◆ Exercise ◆
Find "A felvidéki bevonulá..." in the material, then return exactly the line containing it and all lines after it to the end, leaving out pictures.

◆ Source material ◆
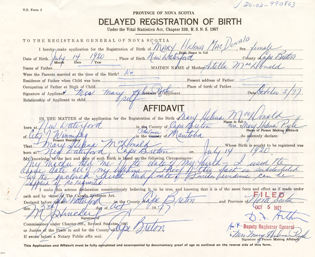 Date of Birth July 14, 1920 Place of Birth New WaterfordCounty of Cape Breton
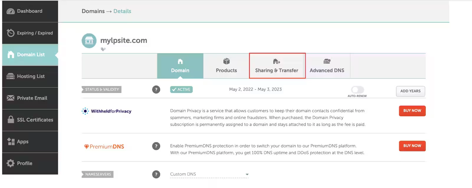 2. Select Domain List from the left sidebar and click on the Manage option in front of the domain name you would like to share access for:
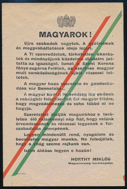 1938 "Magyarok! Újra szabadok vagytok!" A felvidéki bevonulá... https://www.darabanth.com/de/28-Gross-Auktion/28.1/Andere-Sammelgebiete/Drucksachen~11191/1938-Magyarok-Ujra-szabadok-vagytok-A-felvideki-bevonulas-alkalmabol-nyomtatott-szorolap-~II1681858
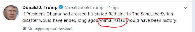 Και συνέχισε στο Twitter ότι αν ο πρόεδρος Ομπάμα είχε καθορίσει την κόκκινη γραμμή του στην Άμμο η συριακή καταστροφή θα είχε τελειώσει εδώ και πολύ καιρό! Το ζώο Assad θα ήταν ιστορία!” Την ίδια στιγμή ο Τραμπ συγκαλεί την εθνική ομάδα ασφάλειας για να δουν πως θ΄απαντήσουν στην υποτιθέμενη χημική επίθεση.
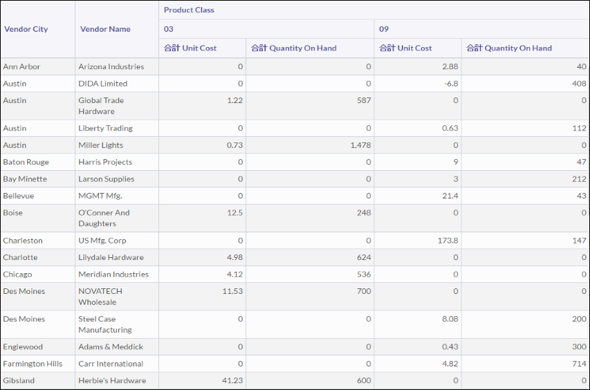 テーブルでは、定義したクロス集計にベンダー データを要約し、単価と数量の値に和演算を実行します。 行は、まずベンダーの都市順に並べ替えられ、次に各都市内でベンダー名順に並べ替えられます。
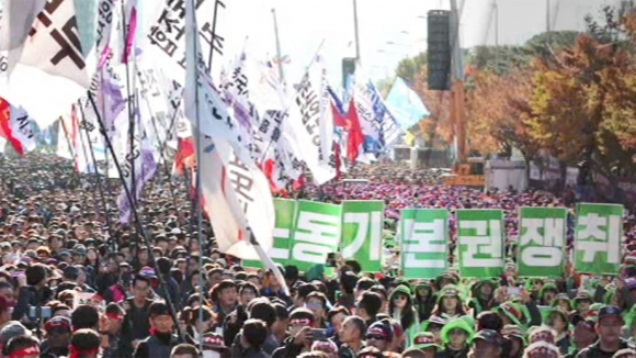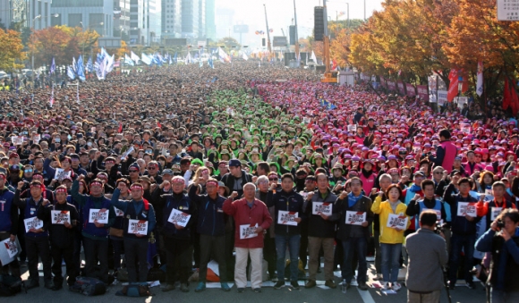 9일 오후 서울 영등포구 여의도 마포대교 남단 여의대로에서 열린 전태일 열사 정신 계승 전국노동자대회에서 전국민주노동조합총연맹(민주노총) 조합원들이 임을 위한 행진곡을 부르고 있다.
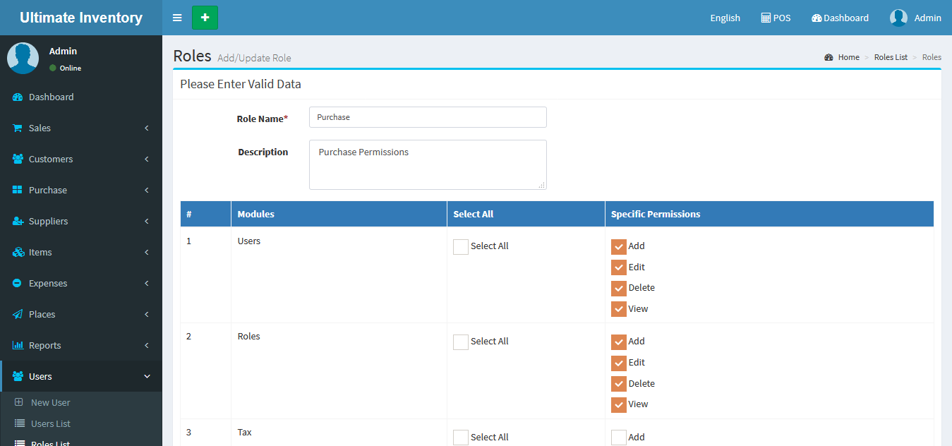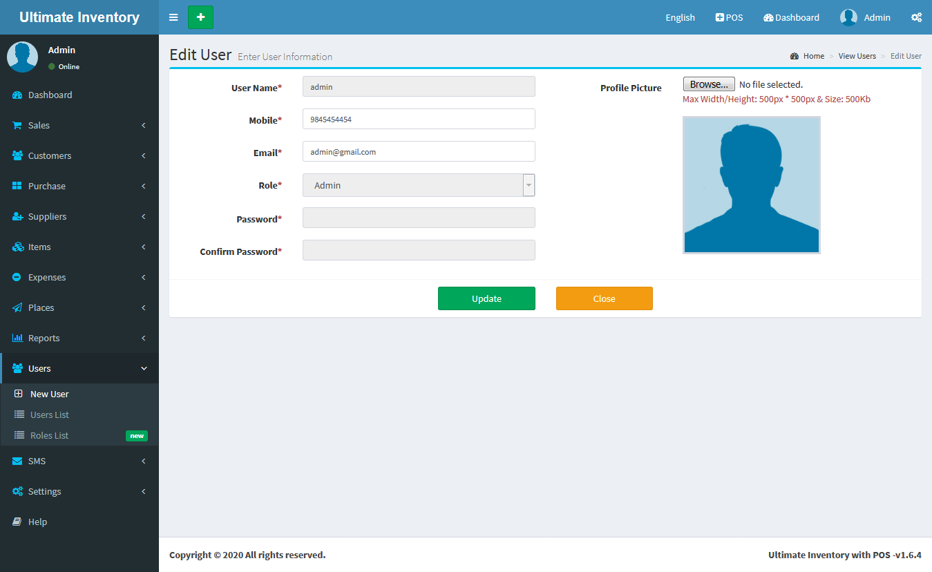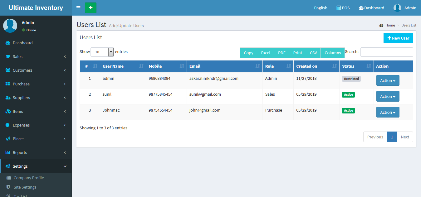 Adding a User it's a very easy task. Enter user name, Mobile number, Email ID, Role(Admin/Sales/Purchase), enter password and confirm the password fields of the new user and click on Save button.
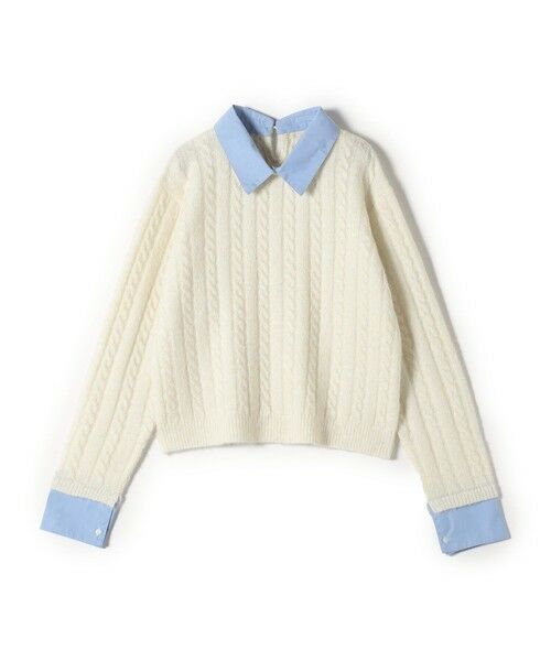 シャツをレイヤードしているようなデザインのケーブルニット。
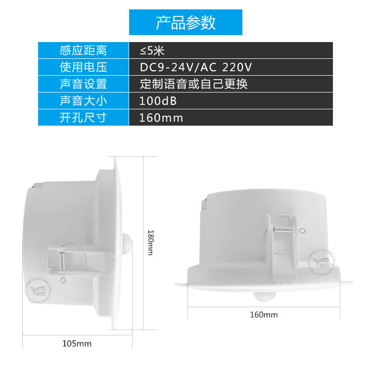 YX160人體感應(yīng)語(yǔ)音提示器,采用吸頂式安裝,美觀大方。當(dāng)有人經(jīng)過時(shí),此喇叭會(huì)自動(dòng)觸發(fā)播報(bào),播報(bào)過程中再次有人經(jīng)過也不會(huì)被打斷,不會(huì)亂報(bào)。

◆ Exercise response ◆
 1938 "Magyarok! Újra szabadok vagytok!" A felvidéki bevonulá... https://www.darabanth.com/de/28-Gross-Auktion/28.1/Andere-Sammelgebiete/Drucksachen~11191/1938-Magyarok-Ujra-szabadok-vagytok-A-felvideki-bevonulas-alkalmabol-nyomtatott-szorolap-~II1681858
 Και συνέχισε στο Twitter ότι αν ο πρόεδρος Ομπάμα είχε καθορίσει την κόκκινη γραμμή του στην Άμμο η συριακή καταστροφή θα είχε τελειώσει εδώ και πολύ καιρό! Το ζώο Assad θα ήταν ιστορία!” Την ίδια στιγμή ο Τραμπ συγκαλεί την εθνική ομάδα ασφάλειας για να δουν πως θ΄απαντήσουν στην υποτιθέμενη χημική επίθεση.
 テーブルでは、定義したクロス集計にベンダー データを要約し、単価と数量の値に和演算を実行します。 行は、まずベンダーの都市順に並べ替えられ、次に各都市内でベンダー名順に並べ替えられます。
 9일 오후 서울 영등포구 여의도 마포대교 남단 여의대로에서 열린 전태일 열사 정신 계승 전국노동자대회에서 전국민주노동조합총연맹(민주노총) 조합원들이 임을 위한 행진곡을 부르고 있다.
 Adding a User it's a very easy task. Enter user name, Mobile number, Email ID, Role(Admin/Sales/Purchase), enter password and confirm the password fields of the new user and click on Save button.
 シャツをレイヤードしているようなデザインのケーブルニット。
 YX160人體感應(yīng)語(yǔ)音提示器,采用吸頂式安裝,美觀大方。當(dāng)有人經(jīng)過時(shí),此喇叭會(huì)自動(dòng)觸發(fā)播報(bào),播報(bào)過程中再次有人經(jīng)過也不會(huì)被打斷,不會(huì)亂報(bào)。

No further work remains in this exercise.